Segundo Ngenkaza, o governo só construiu metade das casas que prometera. E só receberam moradias novas aqueles que conheciam alguém do cna. Ou então, ele disse, “os que pagaram propina à construtora que é responsável pelas obras.”



Órfão de pai, criado pela mãe, empregada doméstica, Jacob Zuma ingressou na ala militar do Congresso Nacional Africano aos 17 anos. Passou dez anos preso na ilha Robben com Mandela, onde aprendeu a ler e a falar inglês. Ao ser solto, exilou-se na Zâmbia, onde se tornou chefe do serviço secreto do cna. Em 1999, foi nomeado vice-presidente de Mbeki por insistência de Mandela, que achava que a chapa deveria ser composta com um representante dos zulus – a etnia mais numerosa e pobre do país. Tanto Mandela como Mbeki são xhosa.

Na presidência, Zuma nomeou um ministro de um partido branco e nomeou uma autoridade reconhecida para enfrentar a Aids. E manteve a política econômica intacta. Sua origem pobre faz com que o povo se identifique com ele. Enquanto Mbeki citava Shakespeare em seus discursos, Zuma beija eleitores, usa roupas tribais de vez em quando, dança e canta Lethu mshini wami, uma canção da época da guerrilha do cna que quer dizer “Traga a minha metralhadora.”

Há pouco, sua vida sexual voltou às manchetes. Zuma engravidara a filha de um amigo e o bebê nasceu poucas semanas antes de seu quinto casamento. Novamente, disse que isso é comum na cultura zulu.

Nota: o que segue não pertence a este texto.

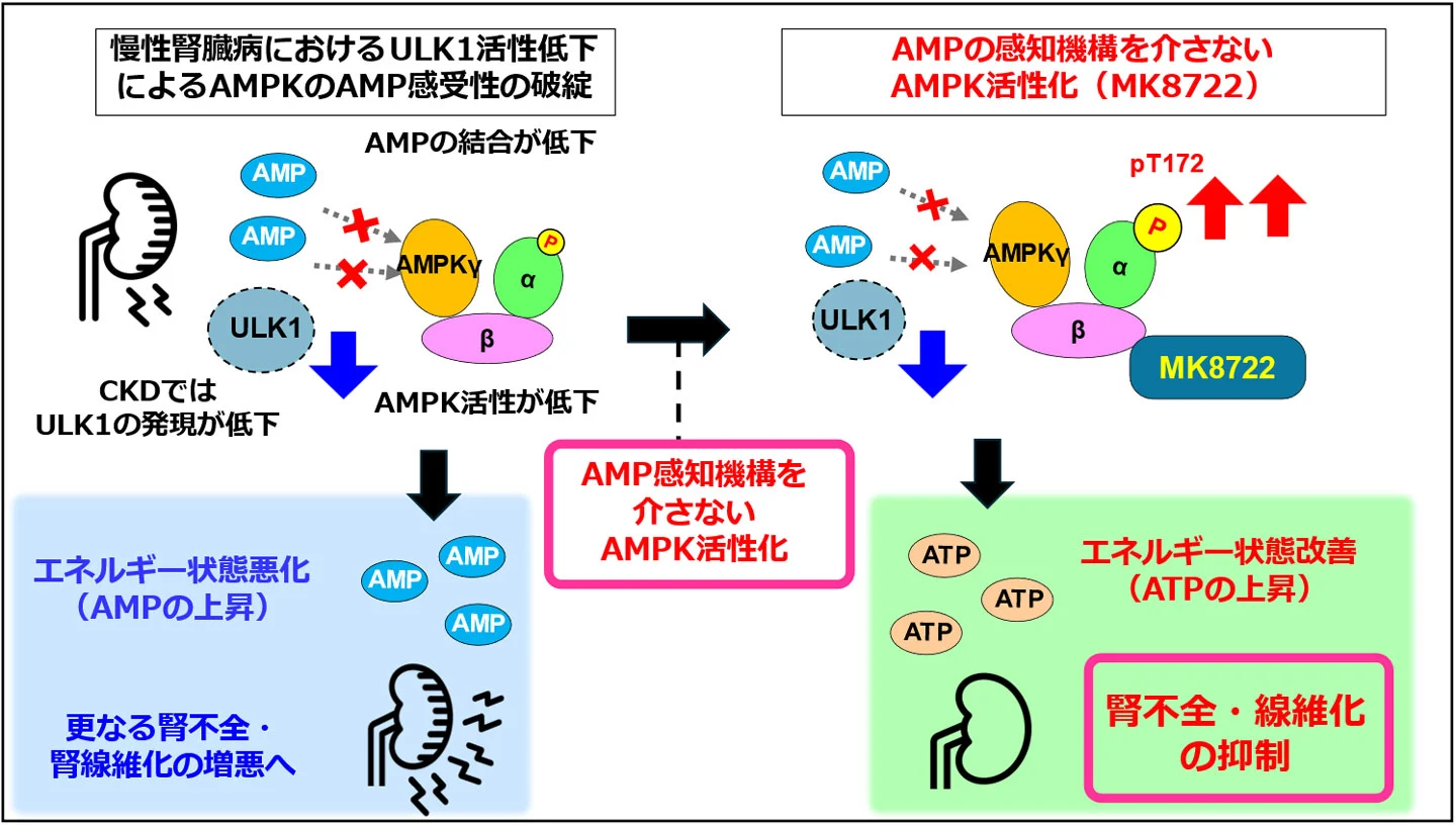 - 慢性腎臓病ではULK1発現低下によるAMP感知機構破綻を認め、AMP感知機構を介さないAMPK活性化が腎機能の悪化と線維化を改善しました。

Zuma fala o que a plateia quer ouvir e evita entrar em discussões polêmicas. Quando assumiu o governo, prometeu criar 500 mil empregos até o final do ano e 4 milhões até 2014. Como vai fazer isso, não explicou. Para seus admiradores, ele é o primeiro presidente “verdadeiramente africano”, já que Mandela era uma figura mundial e Mbeki passou a maior parte da vida e de seu governo no exterior. O arcebispo Desmond Tutu, Prêmio Nobel da Paz, no entanto, disse que a eleição de Zuma foi “um desastre para a história do cna”.

 “Zuma conseguiu fazer com que os pobres sintam que são ouvidos, e os ricos sintam que não serão prejudicados por serem ricos”, disse-me Gugu Msibi, diretora do departamento de relações governamentais da Ernst &Young, no refeitório da empresa, em Joanesburgo. “Passar essa segurança para o mercado e para a população é um dom. É o melhor cenário possível.”